ANALYSIS: Lebanon, Navigating Crises, Conferences and Elections


SPECIAL REPORT
“Lebanon: Navigating crises, conferences and elections”
International Institute for Strategic Studies
London, April 4th 2018
★★★★★


Overview

In a meeting chaired by Virginia Comolli, the International Institute For Strategy Studies (IISS) Senior Fellow for Security and Development, prospects for Lebanese socio-economic and political stability; the effects of Saudi-Iranian rivalry on Lebanese politics; the risks of another deadly war between Israel and Hezbollah along with the likelihood of continued political and economic support provided by key powers following the upcoming legislative elections, were discussed. Comolli was joined by two Lebanese experts: Emile Hokayem, IISS Senior Fellow for Middle East Security and Alia Moubayed, IISS Director of the Geo-economics and Strategy Programme.

Summary Review

While Lebanon has attracted less attention than its neighbours in recent years because of the on-going civil war in Syria, its social cohesion and economy have suffered. At the same time, Lebanese politics continues to remain complex and contentious: the resignation in November (later rescinded) of Prime Minister Saad Hariri under Saudi pressure, and tensions within the various coalitions, have revealed deep cracks.

Although it is possible that the upcoming legislative elections scheduled for May 6th, could bring more clarity about the country’s internal balance, it might also raise domestic and external risks.
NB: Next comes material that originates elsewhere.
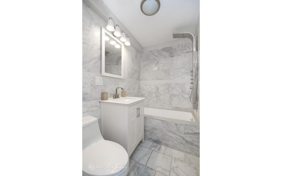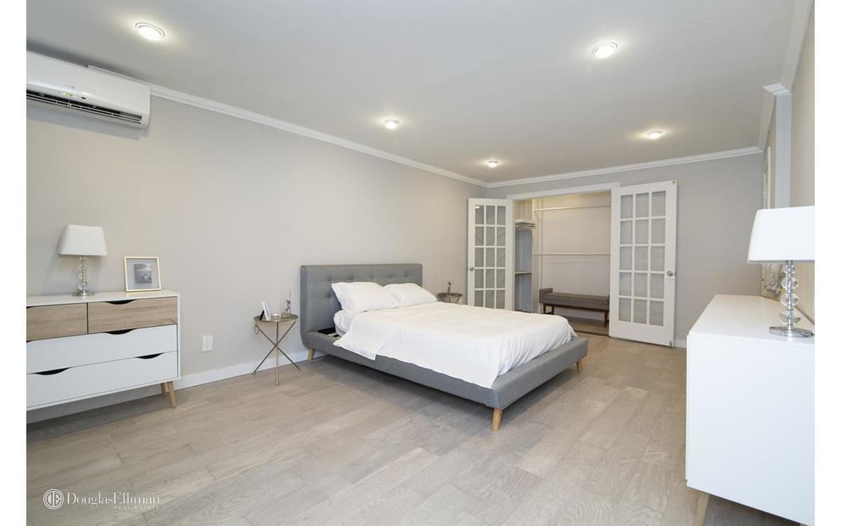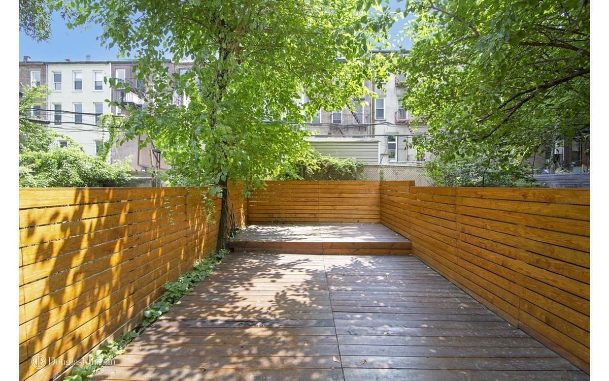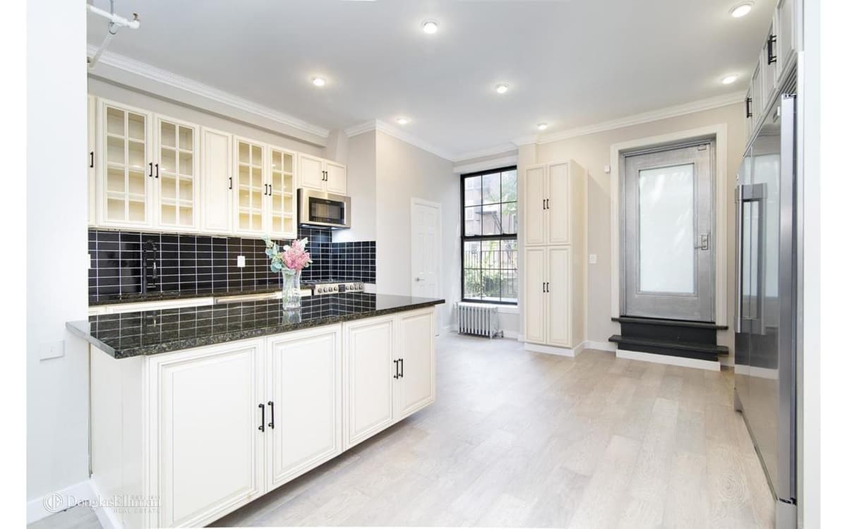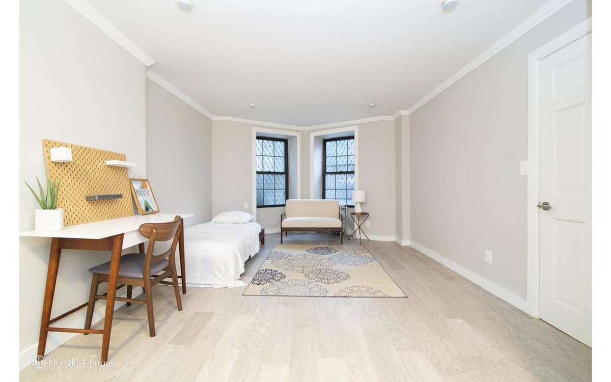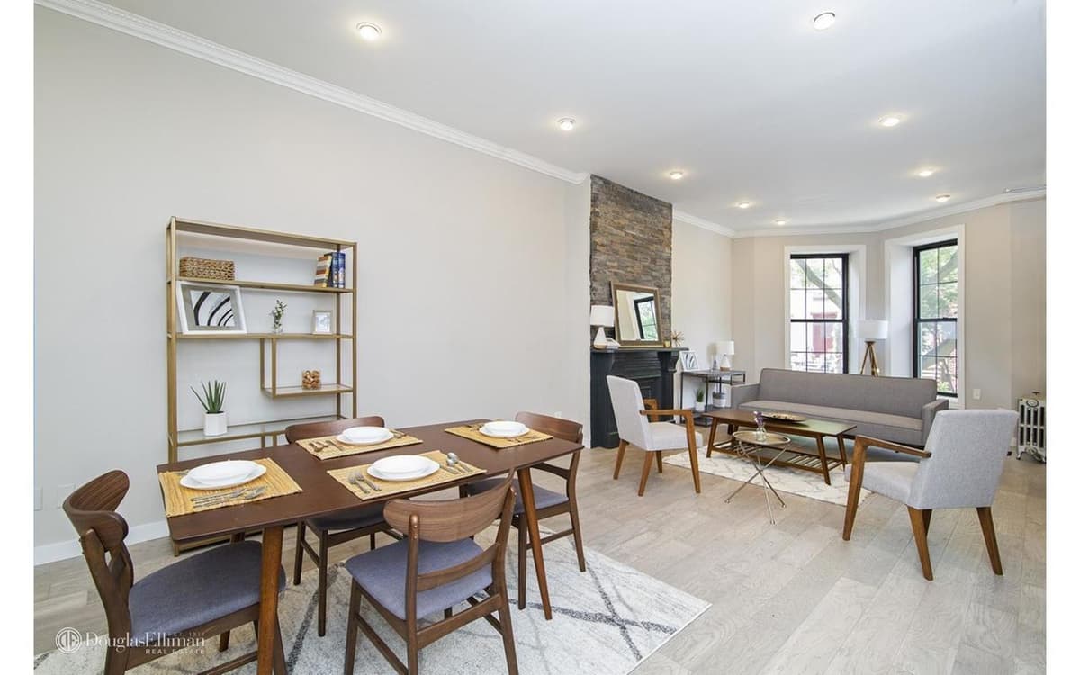 The owner’s duplex is located on the garden and parlor floors, and has two bedrooms and two-and-a-half bathrooms. It features an open-concept living room and dining area, high ceilings, new floors, and a decorative fireplace.

For these reasons, Lebanon is expected to be at the centre of upcoming conferences in Europe designed to demonstrate political, security and economic support from the international community. The Lebanese government is expected to propose and commit to economic and governance reforms, regional neutrality and assistance to Syrian refugees.

Highlights

Emile Hokayem began his presentation by saying that an interesting aspect of Lebanese politics had been the fact that the country managed to remain stable despite the raging war that had been going on next door in Syria. He attributed this in part to Lebanese resilience as well as a number of issues, such as:

  • The fact that most regional actors had seen Lebanon as a gateway to Syria and not as an arena for war itself.
  • The fact that in the eyes of international actors Lebanon was a secondary concern, given that they wanted to contain the Syrian civil war, ISIS as well as the refugee crisis.
  • The fact that ‘local actors’ – i.e. local political competitors, were also keenly interested in preserving stability given that they could envision no real advantage or ‘political victory’ being attained for their various factions at the end of any conflict scenario. They were especially cognizant of the fact that only marginal gains had been attained at the conclusion of the Lebanese civil war. As a result, there was no desire on the part of all factions to engage in behaviour that did not offer substantial rewards. Due to the present internal balance that favoured Hezbollah and the fact that since 2016, the position of Hezbollah’s side in the Syrian civil war (i.e. the Assad regime) had become enhanced, there was no incentive for internal actors to upset the current situation.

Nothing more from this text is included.